Казьмин с приветливой и дружеской улыбкой оторвался от окна, когда вошел его сменщик – подтянутый, выбритый, готовый подхватить служебную эстафету и целые сутки нести ее дальше в некую туманную бесконечность. Никаких особых новостей не было ни у того, ни у другого, обычный и четкий ритуал сдачи дежурства был давно отработан до мелочей, лишь в самую последнюю минуту Баченков неожиданно попросил:
– Слушай, Стас, задержись, пожалуйста, на минутку, а? Очень прошу тебя, пойдем разбудим вместе, потом и поедешь себе…
– Ты что, сон плохой видел? – улыбнулся Казьмин. – Все в полном порядке, сам из Завидово вчера пригнал… ночью немного покурили, Виктория Петровна ушла наверх в одиннадцать, так что…
– Ну пойдем, Стас, дед сразу просветлеет, ты же знаешь, он к тебе привязан…
Казьмин, стараясь припомнить, какие шероховатости, вызвавшие недовольство хозяина, случились на предыдущем дежурстве Баченкова, кивнул, – впрочем, решил он, сейчас и думать об этом не стоило, и сам Леонид Ильич давно уже не помнил регламента следующего дня и сердился только из за мелочей, из за малейшей путаницы со временем, и скорее всего здесь какая нибудь бытовая мелочь, вызвавшая легкое недовольство со стороны Виктории Петровны, – такое уже случалось, правда, очень редко, и раньше.
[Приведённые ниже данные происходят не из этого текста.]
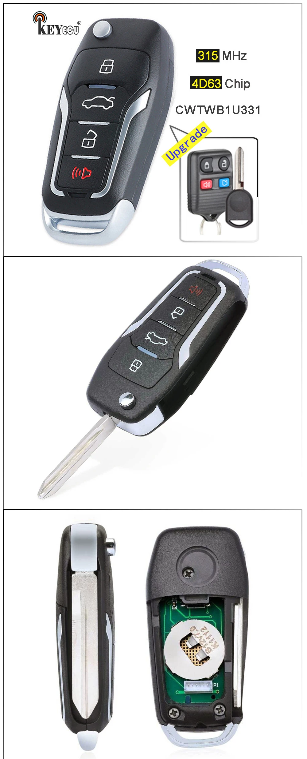 Улучшенный пульт дистанционного управления KEYECU CWTWB1U331, 315 МГц, 3 + 1 4 кнопки для Ford Explorer, Lincoln Town Car LS, Mercury Соболь

Они вошли в дом – хозяйка, тихая и грузная, одиноко завтракала внизу, и Казьмин с какой то ласковой доброжелательностью кивнул ей и сразу успокоился, – в этом уютном, с давно установившимся консервативно патриархальным бытом доме и они являлись частью большого брежневского клана, хотели они того или нет, и на них распространялось не только верховное покровительство, атмосфера лести и заискивания со стороны других государственных служб и структур, множества часто незнакомых людей, впряженных в череду нескончаемых дел, денно и нощно ткущих полотно государственной жизни… И все это было понятно и закономерно, и для умного человека не представлялось чем то особенным. Но на них также распространялось и особое мнение народа о верховной власти, и подчас как о ее холуях, исполнителях грязных и неправедных дел, – подобные настроения всегда присущи большинству простого народа, и это тоже не должно было волновать умного человека. Государство есть государство, во главе его должен был кто то стоять, а следовательно, должна была быть и охрана, и обслуживание власти. Жизнь многомерна. На какую то долю секунды Казьмину захотелось подойти к одинокой, уставшей от долгой жизни, страдающей от собственных детей, уже ко многому равнодушной женщине, сказать ей что нибудь теплое и доброе, но это было бы нарушением давно установившихся норм и правил. Рядом с главой государства или в его семье здесь всегда ощущалось присутствие некоей третьей силы, невидимой, неуловимой и все равно всемогущей, она стояла у каждого за спиной, у ребенка и старика, у самого хозяина и у обслуживающей официантки, с почтительным волнением подающей ему завтрак или ужин, у садовника и начальника личной охраны, и сейчас Казьмин особенно сильно ощутил давящее присутствие этой безымянной третьей силы. Здесь нельзя было сделать ни одного лишнего шага в сторону – даже случайное движение тотчас будет замечено, зафиксировано и занесено в некое хранилище для дальнейшего анализа, но Казьмин даже наедине с собой не разрешал себе думать об этом, хотя давно уже определил центр этой третьей силы, ожидавшей только своего часа, чтобы немедленно выйти на поверхность и во всеуслышание заявить о своем давно выстраданном, а потому и безоговорочном праве.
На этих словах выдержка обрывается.